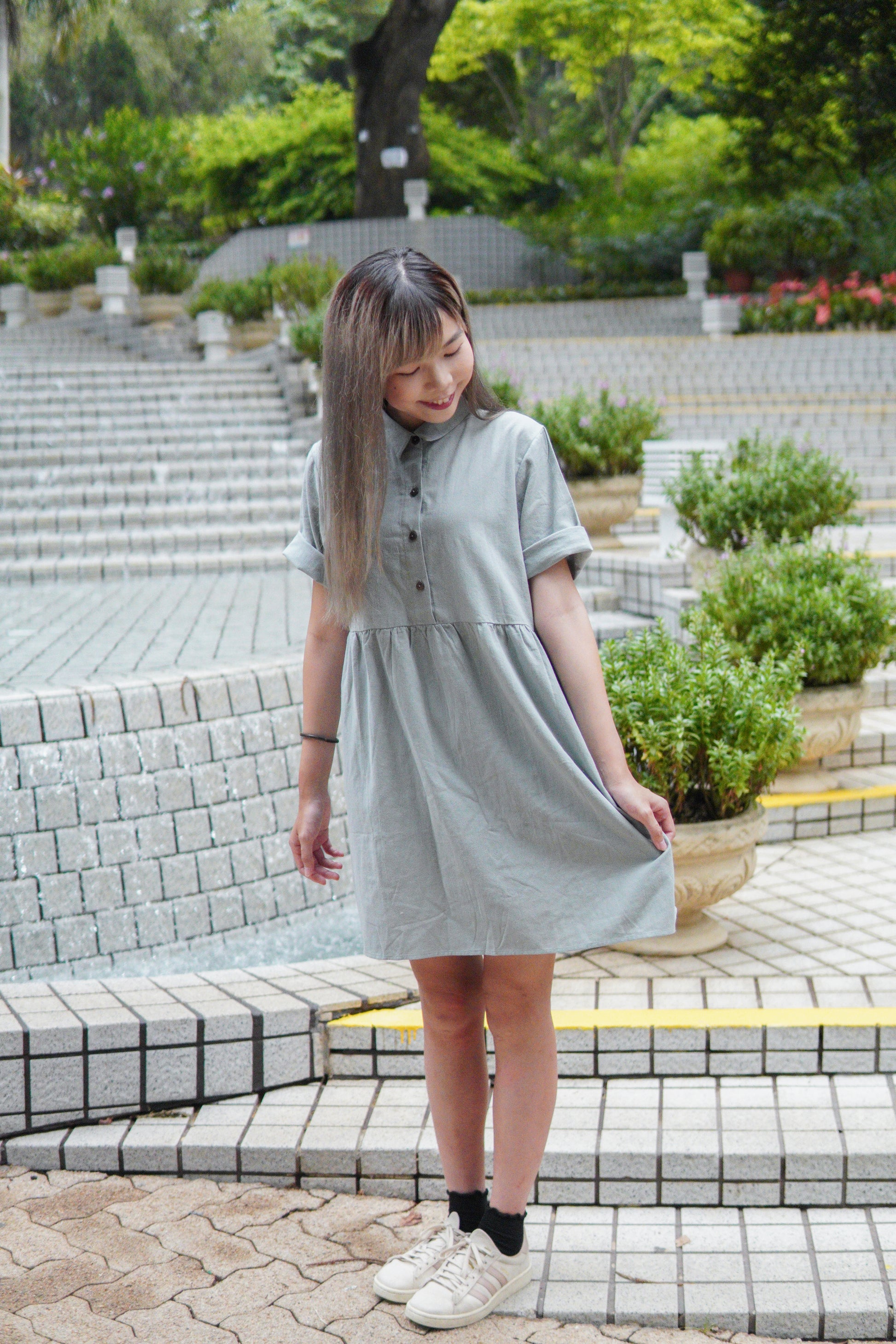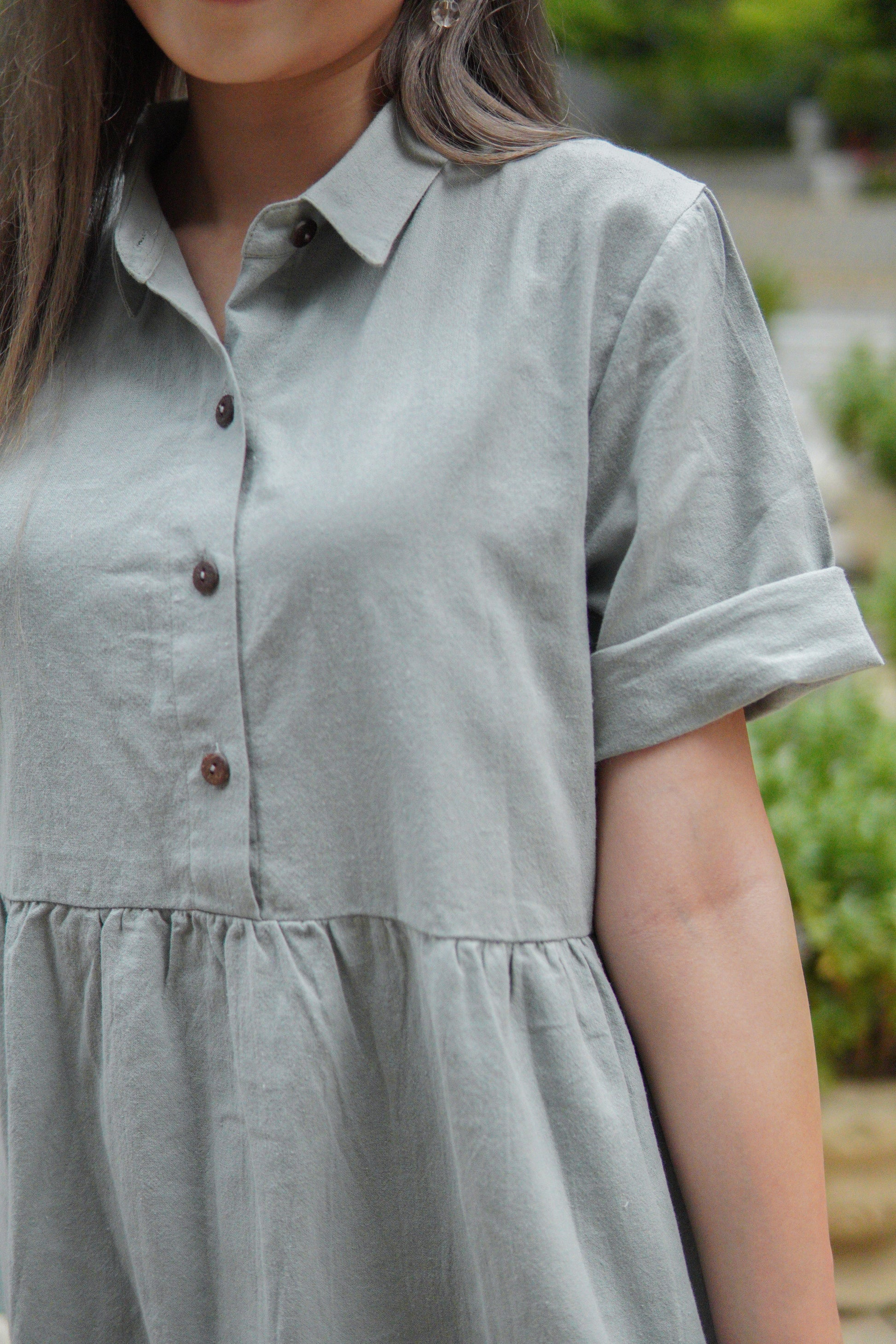 反領半鈕扣娃娃OPS | 霧藍綠 (現貨)
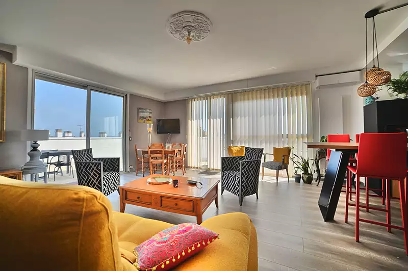 DERNIER ETAGE - PROCHE MARCHE CENTRAL - Vous serez alors séduit par ces 110m2, il est composé d'une magnifique cuisine ouverte donnant sur un salon-séjour lumineux de 32m², trois chambres au calme, cellier, une grande salle d'eau, un WC séparé. L'appartement est en très bon état général. Rien à faire juste poser vos valises. De plus vous serez conquis par sa belle terrasse de 75m² surplombant la ville de ROYAN, avec un aperçu mer. L'appartement se situe au dernier étage. L'ascenseur s'arrête au quatrième étage et vous aurez juste 17 marches pour accéder au dernier étage. Exposition Sud-Ouest au calme absolue. Une cave et un rare garage viennent compléter ce bien de qualité. (5.16 % honoraires TTC à la charge de l'acquéreur.) Copropriété de 237 lots - dont 134 lots habitation. (Pas de procédure en cours). Charges annuelles : 1685 euros.
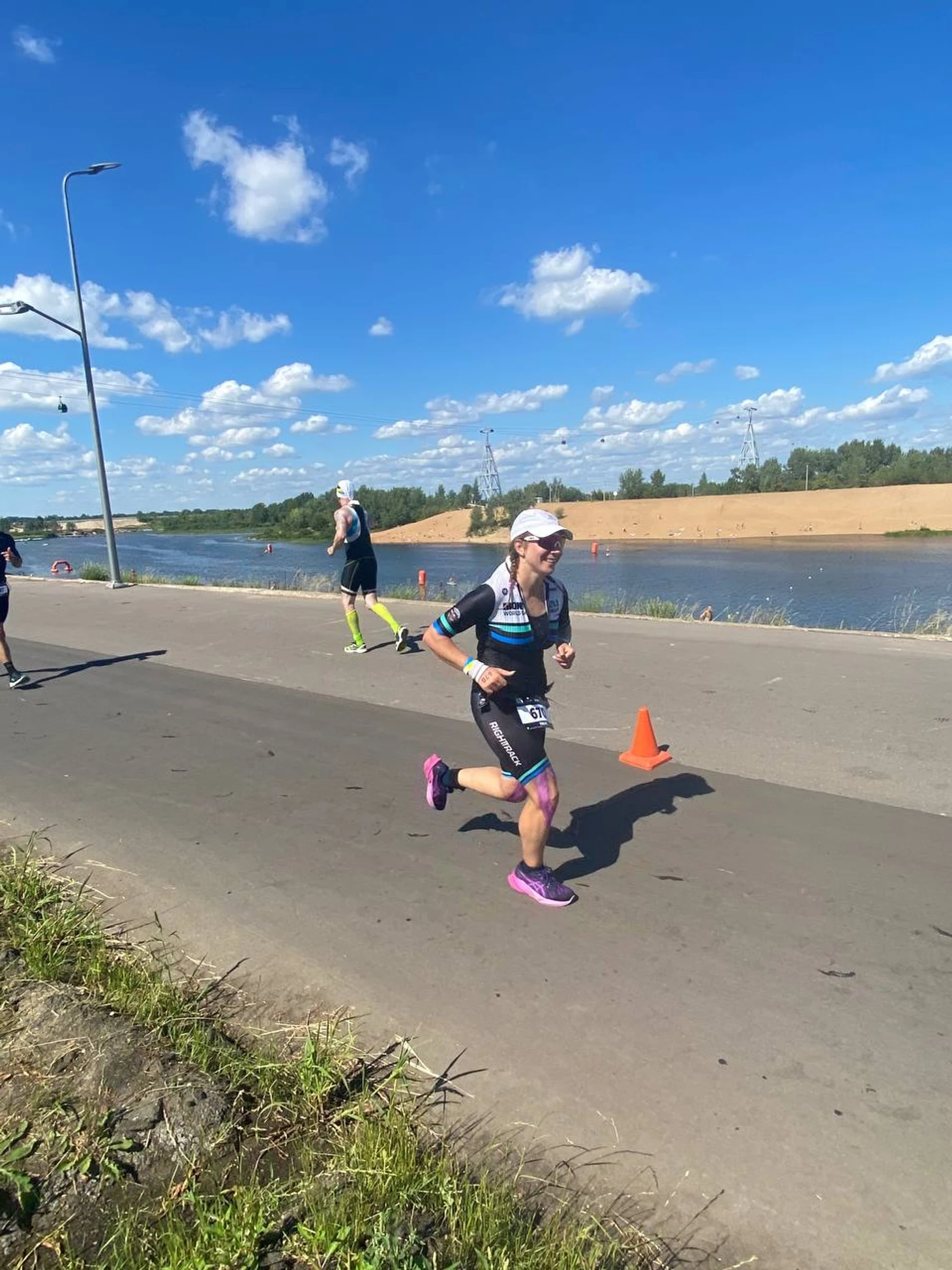 На втором я поняла все «прелести» этого этапа. В одну сторону жуткий ветер, против которого просто стоишь, а в другую стараешься накатить всё то, что потеряла по скорости. На каждом круге был пункт питания, поэтому гелями и изотоником я старалась знатно закидываться, ведь впереди ещё крутить и крутить… Всего на велоэтапе было 8 подъемов в мост, они знатно подъедали силы, а спуски с них были достаточно скоростные(скорость можно было набрать до 40-50 и больше км/ч), поэтому приходилось тормозить, чтобы не разложиться в какой-нибудь столб при повороте… Как говорит мой друг: шлем вам нужен не для выживания, а чтобы мозги с асфальта быстрее было собрать. Поэтому приходилось быть аккуратной на спусках.
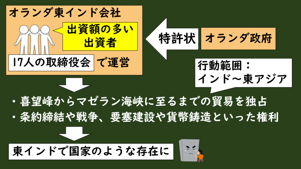 国から貿易独占の特許状を授かって、喜望峰からマゼラン海峡に至る広大な海域での貿易独占権を手にしていました。
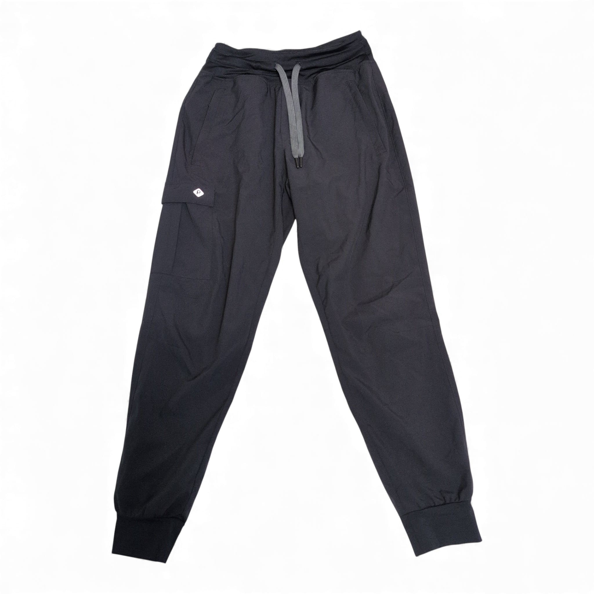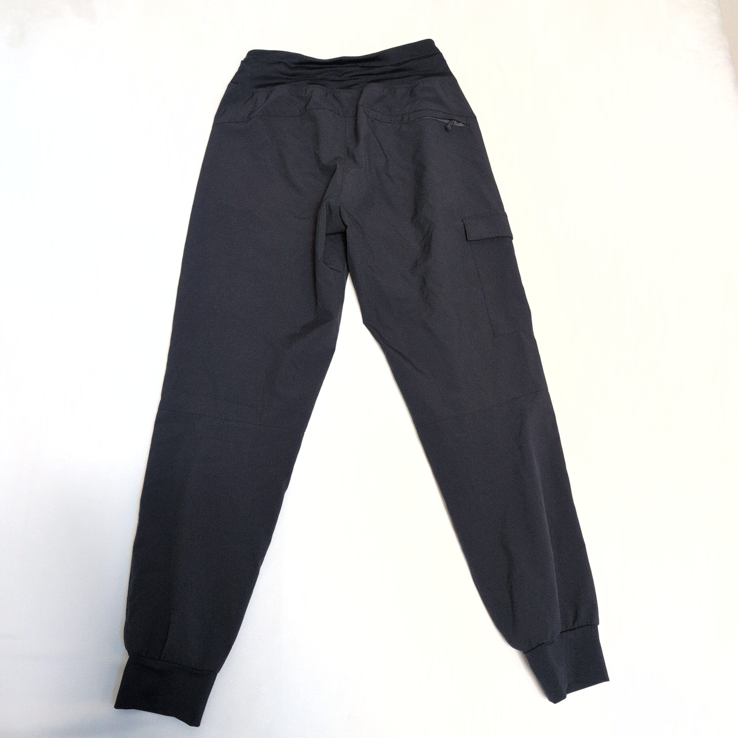 Rla Ged women’s blue cargo joggers in size XS. Features a drawstring waist, two front hand pockets, a flap cargo pocket, and ribbed elastic ankle cuffs for a tapered fit. Lightweight, versatile track-style pants ideal for everyday wear, travel, or casual workouts. Please refer to photos for fit and condition.

Work to complete:
Line by line, give the material above again exactly, but without any pictures.

Solved exercise:
 反領半鈕扣娃娃OPS | 霧藍綠 (現貨)
 DERNIER ETAGE - PROCHE MARCHE CENTRAL - Vous serez alors séduit par ces 110m2, il est composé d'une magnifique cuisine ouverte donnant sur un salon-séjour lumineux de 32m², trois chambres au calme, cellier, une grande salle d'eau, un WC séparé. L'appartement est en très bon état général. Rien à faire juste poser vos valises. De plus vous serez conquis par sa belle terrasse de 75m² surplombant la ville de ROYAN, avec un aperçu mer. L'appartement se situe au dernier étage. L'ascenseur s'arrête au quatrième étage et vous aurez juste 17 marches pour accéder au dernier étage. Exposition Sud-Ouest au calme absolue. Une cave et un rare garage viennent compléter ce bien de qualité. (5.16 % honoraires TTC à la charge de l'acquéreur.) Copropriété de 237 lots - dont 134 lots habitation. (Pas de procédure en cours). Charges annuelles : 1685 euros.
 На втором я поняла все «прелести» этого этапа. В одну сторону жуткий ветер, против которого просто стоишь, а в другую стараешься накатить всё то, что потеряла по скорости. На каждом круге был пункт питания, поэтому гелями и изотоником я старалась знатно закидываться, ведь впереди ещё крутить и крутить… Всего на велоэтапе было 8 подъемов в мост, они знатно подъедали силы, а спуски с них были достаточно скоростные(скорость можно было набрать до 40-50 и больше км/ч), поэтому приходилось тормозить, чтобы не разложиться в какой-нибудь столб при повороте… Как говорит мой друг: шлем вам нужен не для выживания, а чтобы мозги с асфальта быстрее было собрать. Поэтому приходилось быть аккуратной на спусках.
 国から貿易独占の特許状を授かって、喜望峰からマゼラン海峡に至る広大な海域での貿易独占権を手にしていました。
 Rla Ged women’s blue cargo joggers in size XS. Features a drawstring waist, two front hand pockets, a flap cargo pocket, and ribbed elastic ankle cuffs for a tapered fit. Lightweight, versatile track-style pants ideal for everyday wear, travel, or casual workouts. Please refer to photos for fit and condition.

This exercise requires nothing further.